MemeMQA: Multimodal Question Answering for Memes via Rationale-Based Inferencing
This work addresses the need for better interpretation of memes in multimodal communication, though it is incremental as it builds on existing research in harm detection and semantic labeling.
The authors tackled the problem of multimodal question answering for memes by introducing MemeMQA, a framework that improves answer prediction accuracy by ~18% over baselines and provides coherent explanations.

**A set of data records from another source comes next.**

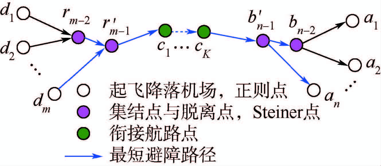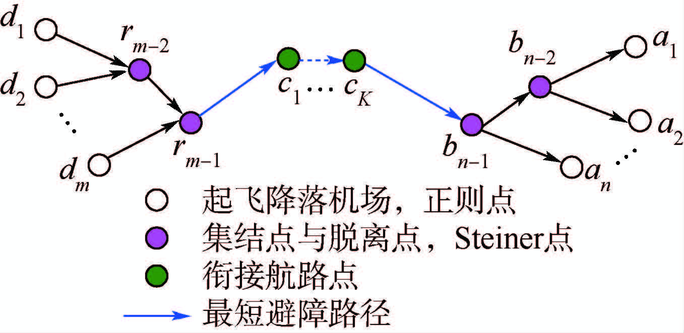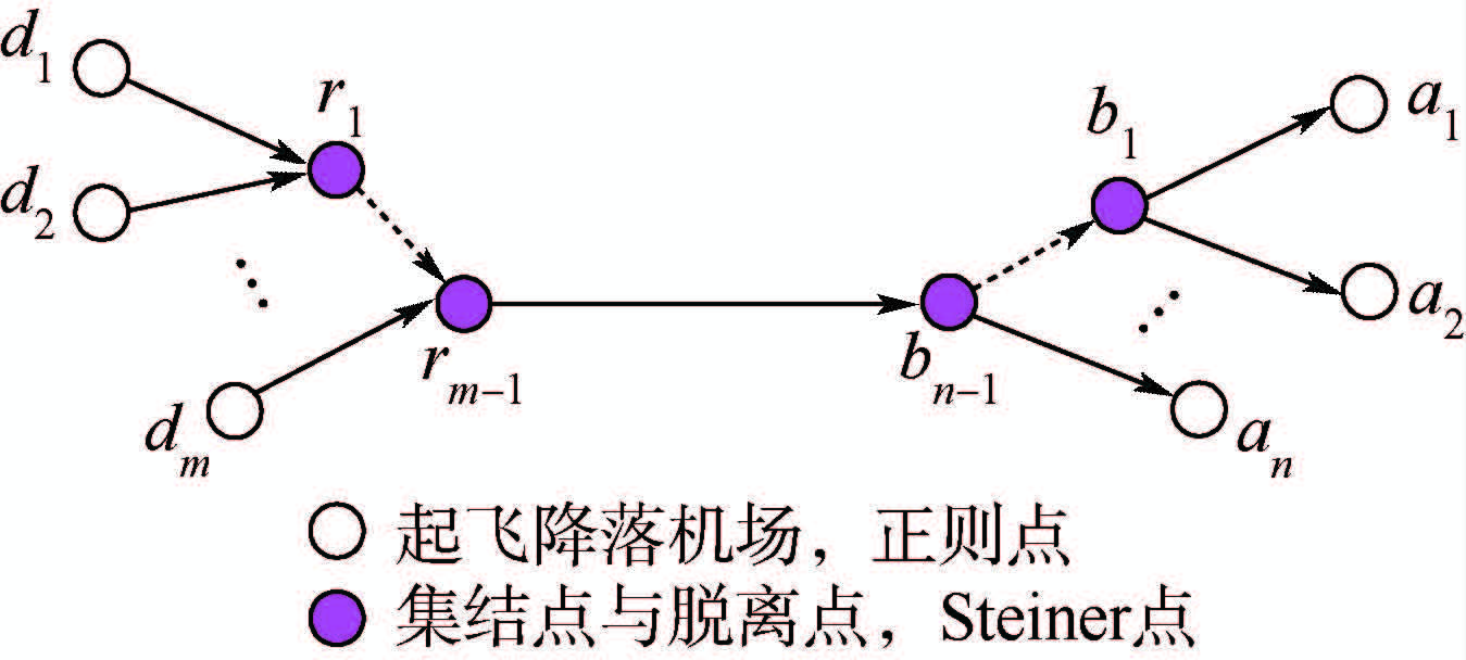② 存在Steiner点的度为2,表明某一机场为集结点或脱离点.
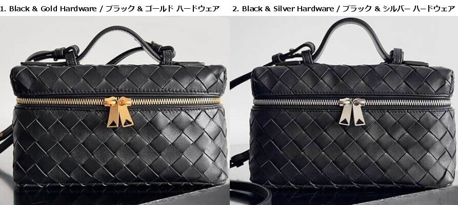以下でご紹介している BV ハンドル・ウィーブ・チェーン・バッグと基本的に同じスタイルですが、こちらはダブル・ジッパーのプルがゴールド金具。(ブラックのみシルバー・金具のオプションがあります。)
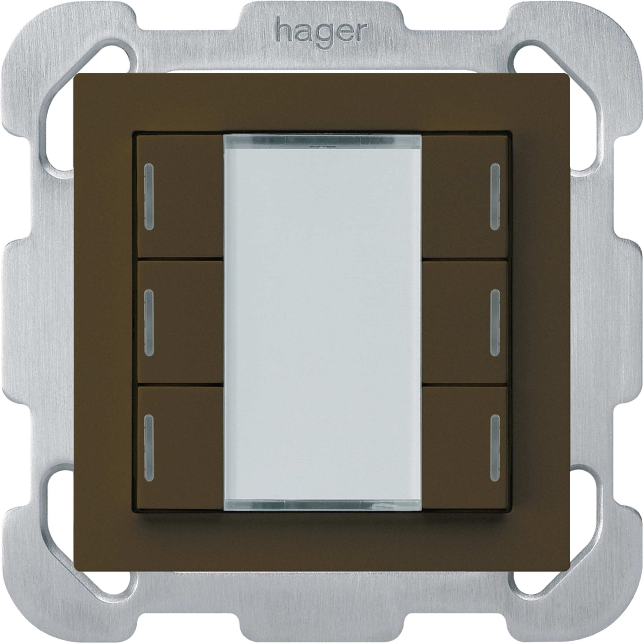 kallysto ENC + KNX: 6x poussoir + LED d'état RJB + plaque de fixat. + face Brun
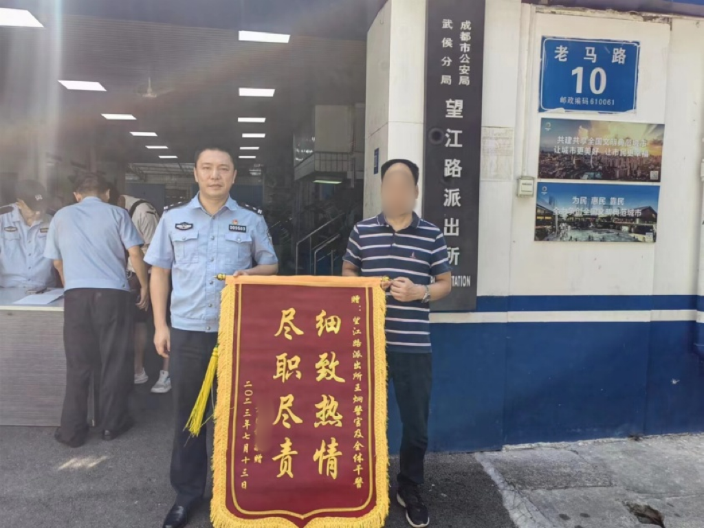 “謝謝警察同志,這么快就幫我把手機找回來了!”近日,方先生將一面印有“細致熱情 盡職盡責(zé)”的錦旗送到了望江路派出所教導(dǎo)員彭偉手中,對派出所民警快速為其追回手機表示誠摯感謝。
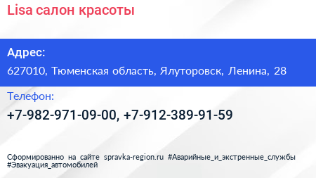 Lisa, салон красоты по адресу 627010, Тюменская область, Ялуторовск, Ленина, 28 в дальнейшем Организация, размещена в следующих категориях:
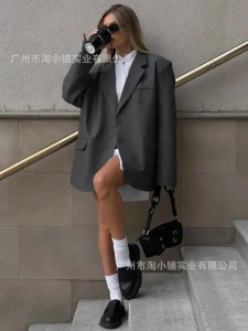 灰色条纹西装外套女秋冬2025新款气质名媛高级感小个子宽松小西服
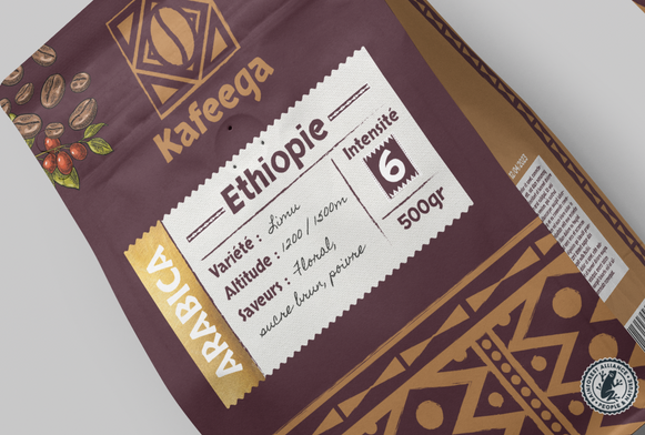 Chaque élément graphique reflète les valeurs de la marque : qualité, tradition et modernité. Les teintes chaudes évoquent les paysages éthiopiens, tandis que les motifs rappellent la culture locale.
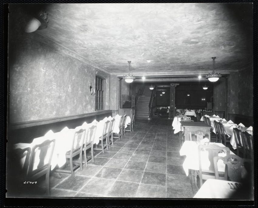 The J.J. Crimmings Company, dental materials, is on the second floor to the right on Boylston Street. P. & J. Besse, caterer and confectioner is to the right on the ground floor. A branch of the Exchange Trust Company is on the left side of the image.

Memes have evolved as a prevalent medium for diverse communication, ranging from humour to propaganda. With the rising popularity of image-focused content, there is a growing need to explore its potential harm from different aspects. Previous studies have analyzed memes in closed settings - detecting harm, applying semantic labels, and offering natural language explanations. To extend this research, we introduce MemeMQA, a multimodal question-answering framework aiming to solicit accurate responses to structured questions while providing coherent explanations. We curate MemeMQACorpus, a new dataset featuring 1,880 questions related to 1,122 memes with corresponding answer-explanation pairs. We further propose ARSENAL, a novel two-stage multimodal framework that leverages the reasoning capabilities of LLMs to address MemeMQA. We benchmark MemeMQA using competitive baselines and demonstrate its superiority - ~18% enhanced answer prediction accuracy and distinct text generation lead across various metrics measuring lexical and semantic alignment over the best baseline. We analyze ARSENAL's robustness through diversification of question-set, confounder-based evaluation regarding MemeMQA's generalizability, and modality-specific assessment, enhancing our understanding of meme interpretation in the multimodal communication landscape.